This work aims to precisely characterize the asymptotic generalization error of neural networks and proposes a practical, efficiently estimable proxy metric to guide model design. To this end, the authors introduce the “representation gap” from a geometric perspective as a surrogate for generalization error and derive its asymptotic behavior by integrating equivariant diffusion models, optimal quantization theory, and point process theory. The theoretical analysis reveals that the representation gap is governed by the intrinsic dimensionality of the task, establishing a rigorous connection between the two. Experiments on both synthetic and real-world datasets validate the accuracy of the derived asymptotic law, and the estimated intrinsic dimensions align well with existing literature, demonstrating the method’s strong interpretability, estimability, and broad applicability.

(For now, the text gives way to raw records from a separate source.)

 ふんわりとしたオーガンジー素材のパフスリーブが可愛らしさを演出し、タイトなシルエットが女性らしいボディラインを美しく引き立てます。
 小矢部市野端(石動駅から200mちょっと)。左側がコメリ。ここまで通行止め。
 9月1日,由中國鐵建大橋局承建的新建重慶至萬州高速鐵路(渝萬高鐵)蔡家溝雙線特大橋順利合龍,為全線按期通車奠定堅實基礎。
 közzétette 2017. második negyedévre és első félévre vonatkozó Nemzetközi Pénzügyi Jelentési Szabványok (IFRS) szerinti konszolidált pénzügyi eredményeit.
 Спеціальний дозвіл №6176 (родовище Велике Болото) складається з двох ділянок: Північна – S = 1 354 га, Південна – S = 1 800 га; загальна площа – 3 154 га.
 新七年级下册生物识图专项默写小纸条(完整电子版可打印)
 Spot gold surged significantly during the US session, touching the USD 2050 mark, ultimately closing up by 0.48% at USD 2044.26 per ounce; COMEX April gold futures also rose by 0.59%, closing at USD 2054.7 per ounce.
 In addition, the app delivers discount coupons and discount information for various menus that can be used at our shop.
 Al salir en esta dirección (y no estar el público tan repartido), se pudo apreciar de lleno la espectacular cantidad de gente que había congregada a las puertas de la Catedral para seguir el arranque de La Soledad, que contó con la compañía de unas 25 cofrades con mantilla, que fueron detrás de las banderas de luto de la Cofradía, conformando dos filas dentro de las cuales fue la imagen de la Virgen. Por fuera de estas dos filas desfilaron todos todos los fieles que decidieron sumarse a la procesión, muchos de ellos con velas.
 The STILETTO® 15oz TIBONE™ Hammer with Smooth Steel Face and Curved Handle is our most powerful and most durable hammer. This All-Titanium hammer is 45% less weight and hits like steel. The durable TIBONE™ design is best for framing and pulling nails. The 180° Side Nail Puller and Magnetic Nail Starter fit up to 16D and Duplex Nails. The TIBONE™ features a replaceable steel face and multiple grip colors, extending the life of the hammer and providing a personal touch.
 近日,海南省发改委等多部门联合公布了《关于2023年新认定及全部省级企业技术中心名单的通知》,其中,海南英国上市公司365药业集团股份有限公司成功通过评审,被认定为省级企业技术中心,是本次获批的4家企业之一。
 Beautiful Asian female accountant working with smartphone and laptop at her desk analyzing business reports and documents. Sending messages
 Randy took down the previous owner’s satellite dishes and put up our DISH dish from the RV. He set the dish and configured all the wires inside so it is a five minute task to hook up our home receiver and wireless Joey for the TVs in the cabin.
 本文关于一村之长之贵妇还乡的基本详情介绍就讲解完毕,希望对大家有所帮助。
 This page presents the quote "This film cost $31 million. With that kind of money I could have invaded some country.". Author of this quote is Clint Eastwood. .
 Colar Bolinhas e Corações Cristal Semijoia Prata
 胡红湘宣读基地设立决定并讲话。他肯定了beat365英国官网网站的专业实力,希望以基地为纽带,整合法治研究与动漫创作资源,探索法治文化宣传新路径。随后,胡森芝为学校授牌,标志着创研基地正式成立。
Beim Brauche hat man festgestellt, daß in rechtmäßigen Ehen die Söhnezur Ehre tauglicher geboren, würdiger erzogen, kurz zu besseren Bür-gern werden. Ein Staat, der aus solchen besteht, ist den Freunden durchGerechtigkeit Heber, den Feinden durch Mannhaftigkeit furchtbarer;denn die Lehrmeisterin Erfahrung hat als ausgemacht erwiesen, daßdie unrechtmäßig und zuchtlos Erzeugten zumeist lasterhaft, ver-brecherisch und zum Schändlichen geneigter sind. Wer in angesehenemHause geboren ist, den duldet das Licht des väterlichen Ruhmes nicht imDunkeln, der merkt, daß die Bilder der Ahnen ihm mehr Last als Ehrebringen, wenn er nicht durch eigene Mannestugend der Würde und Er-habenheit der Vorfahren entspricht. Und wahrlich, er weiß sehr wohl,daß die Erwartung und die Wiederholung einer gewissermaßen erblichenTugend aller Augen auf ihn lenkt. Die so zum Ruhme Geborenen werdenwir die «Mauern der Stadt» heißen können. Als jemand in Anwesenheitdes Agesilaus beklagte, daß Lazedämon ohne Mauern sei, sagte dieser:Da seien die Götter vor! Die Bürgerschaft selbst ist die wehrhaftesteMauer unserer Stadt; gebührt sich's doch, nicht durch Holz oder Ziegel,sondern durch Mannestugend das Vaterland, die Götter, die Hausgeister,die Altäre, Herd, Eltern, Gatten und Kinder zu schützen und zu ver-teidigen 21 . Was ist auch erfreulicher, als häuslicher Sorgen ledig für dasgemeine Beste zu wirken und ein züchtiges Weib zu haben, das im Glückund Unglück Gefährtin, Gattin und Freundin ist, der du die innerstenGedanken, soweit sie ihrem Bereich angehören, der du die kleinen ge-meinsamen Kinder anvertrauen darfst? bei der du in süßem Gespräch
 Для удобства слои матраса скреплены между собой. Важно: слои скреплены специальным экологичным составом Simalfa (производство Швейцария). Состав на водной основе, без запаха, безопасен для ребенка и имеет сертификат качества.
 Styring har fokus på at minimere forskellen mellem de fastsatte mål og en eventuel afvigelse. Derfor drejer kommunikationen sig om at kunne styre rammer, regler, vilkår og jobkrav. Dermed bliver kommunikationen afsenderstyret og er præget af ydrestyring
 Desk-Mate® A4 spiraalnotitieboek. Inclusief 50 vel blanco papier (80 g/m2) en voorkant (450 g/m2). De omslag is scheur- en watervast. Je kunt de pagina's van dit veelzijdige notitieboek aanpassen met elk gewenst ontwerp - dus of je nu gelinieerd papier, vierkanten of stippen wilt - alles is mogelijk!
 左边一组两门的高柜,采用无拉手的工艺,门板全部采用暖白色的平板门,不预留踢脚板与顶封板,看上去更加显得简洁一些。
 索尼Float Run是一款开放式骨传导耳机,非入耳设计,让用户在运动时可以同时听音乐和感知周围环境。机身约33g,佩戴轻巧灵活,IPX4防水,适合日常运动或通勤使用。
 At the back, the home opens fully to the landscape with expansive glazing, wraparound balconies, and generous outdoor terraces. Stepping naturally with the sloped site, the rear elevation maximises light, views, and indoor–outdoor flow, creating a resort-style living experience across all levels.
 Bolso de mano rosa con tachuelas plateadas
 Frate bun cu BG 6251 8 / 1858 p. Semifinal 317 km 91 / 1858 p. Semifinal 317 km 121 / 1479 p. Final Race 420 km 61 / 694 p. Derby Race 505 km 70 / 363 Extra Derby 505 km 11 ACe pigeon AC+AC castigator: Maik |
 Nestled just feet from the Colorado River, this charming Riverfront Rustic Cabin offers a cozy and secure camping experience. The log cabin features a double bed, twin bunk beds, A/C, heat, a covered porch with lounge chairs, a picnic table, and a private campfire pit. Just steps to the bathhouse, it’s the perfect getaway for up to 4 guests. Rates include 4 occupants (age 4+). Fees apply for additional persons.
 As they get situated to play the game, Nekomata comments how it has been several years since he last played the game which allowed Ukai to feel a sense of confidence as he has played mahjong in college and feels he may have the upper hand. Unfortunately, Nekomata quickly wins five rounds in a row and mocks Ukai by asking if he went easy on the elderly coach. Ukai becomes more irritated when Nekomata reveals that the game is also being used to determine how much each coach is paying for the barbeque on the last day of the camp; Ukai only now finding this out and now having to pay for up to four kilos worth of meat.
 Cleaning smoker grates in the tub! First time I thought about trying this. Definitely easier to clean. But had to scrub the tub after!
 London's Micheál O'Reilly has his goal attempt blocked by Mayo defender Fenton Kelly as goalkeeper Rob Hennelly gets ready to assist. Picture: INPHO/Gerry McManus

Characterizing precisely the asymptotic generalization error of neural networks using parameters that can be estimated efficiently is a crucial problem in machine learning, which relies heavily on heuristics and practitioners' intuition to make key design choices. In order to mitigate this issue, we introduce the Representation Gap, a metric closely related to the generalization error, but admitting better-behaved asymptotic dynamics. Focusing on equivariant diffusion models and leveraging results from optimal quantization and point-process theory, we derive a precise asymptotic equivalent of the Representation Gap and show that it is governed by a single parameter, the \textit{intrinsic dimension} of the task, which is easy to interpret, efficient to estimate, and can be linked to the equivariances of common neural network architectures. We show that this asymptotic dynamic also extends to a broader range of tasks and training algorithms. Finally, we demonstrate empirically that our asymptotic law and intrinsic dimension estimation are accurate on a wide range of synthetic datasets, where these quantities are known, as well as on more realistic datasets, where we obtain results consistent with the related literature.